▶ Exercise prompt
Leave out all pictures while you copy the lines exactly from the one with "Enable this option" through the last line of the listing.

▶ Information provided
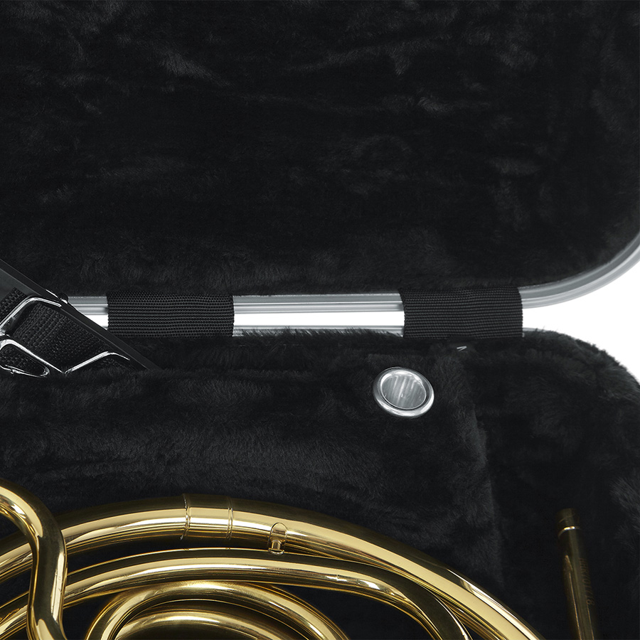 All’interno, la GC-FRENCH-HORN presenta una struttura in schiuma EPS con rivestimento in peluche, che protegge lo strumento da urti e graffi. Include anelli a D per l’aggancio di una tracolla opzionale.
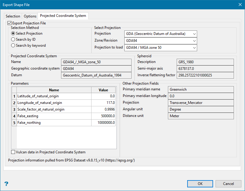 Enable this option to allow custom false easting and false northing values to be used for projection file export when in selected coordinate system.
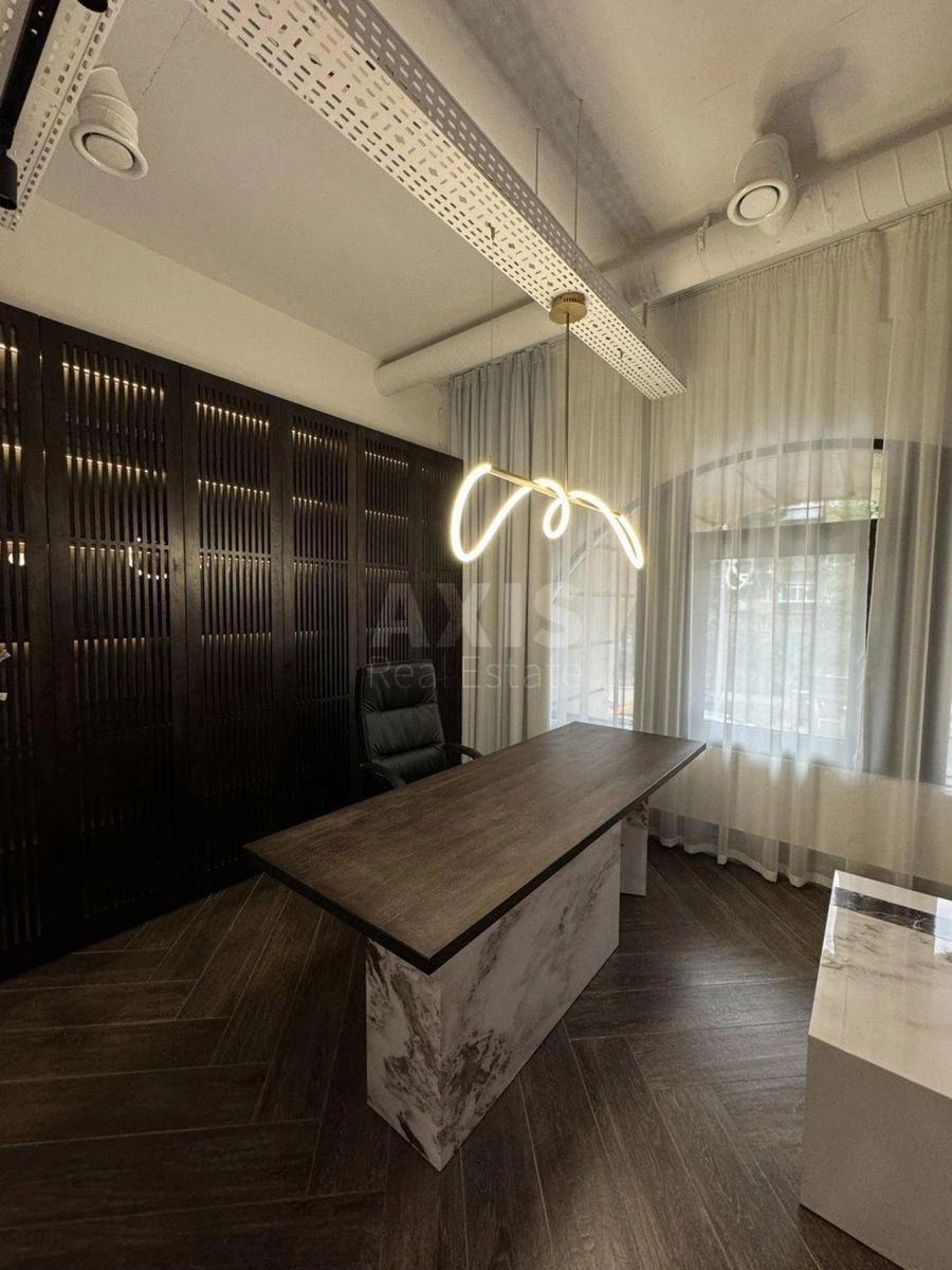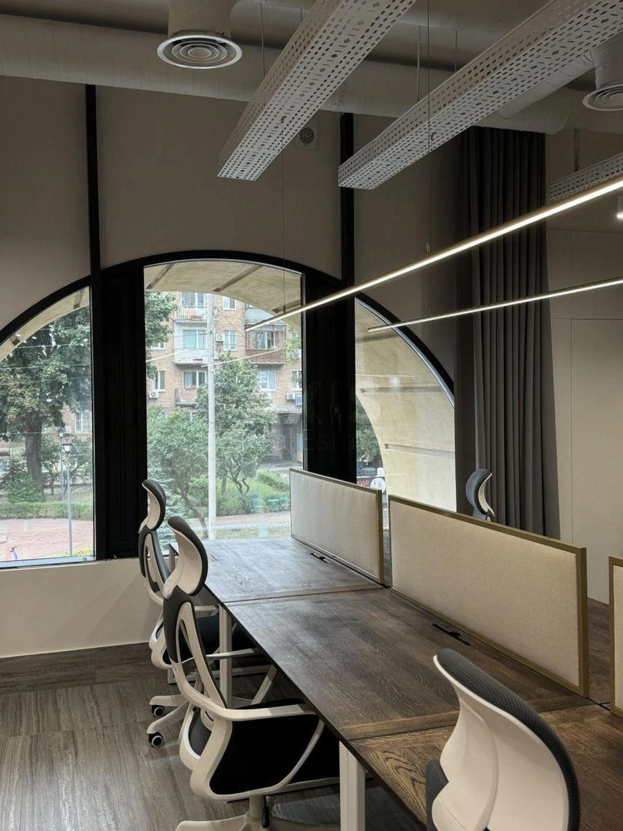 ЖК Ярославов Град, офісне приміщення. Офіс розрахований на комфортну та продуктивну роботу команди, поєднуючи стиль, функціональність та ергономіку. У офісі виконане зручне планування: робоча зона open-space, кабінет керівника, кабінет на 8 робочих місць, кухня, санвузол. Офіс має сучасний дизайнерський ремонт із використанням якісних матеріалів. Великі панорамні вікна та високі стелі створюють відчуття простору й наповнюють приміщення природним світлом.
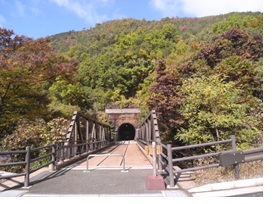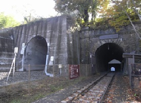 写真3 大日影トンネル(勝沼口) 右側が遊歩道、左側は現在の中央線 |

▶ Output for this task
 Enable this option to allow custom false easting and false northing values to be used for projection file export when in selected coordinate system.
 ЖК Ярославов Град, офісне приміщення. Офіс розрахований на комфортну та продуктивну роботу команди, поєднуючи стиль, функціональність та ергономіку. У офісі виконане зручне планування: робоча зона open-space, кабінет керівника, кабінет на 8 робочих місць, кухня, санвузол. Офіс має сучасний дизайнерський ремонт із використанням якісних матеріалів. Великі панорамні вікна та високі стелі створюють відчуття простору й наповнюють приміщення природним світлом.
 写真3 大日影トンネル(勝沼口) 右側が遊歩道、左側は現在の中央線 |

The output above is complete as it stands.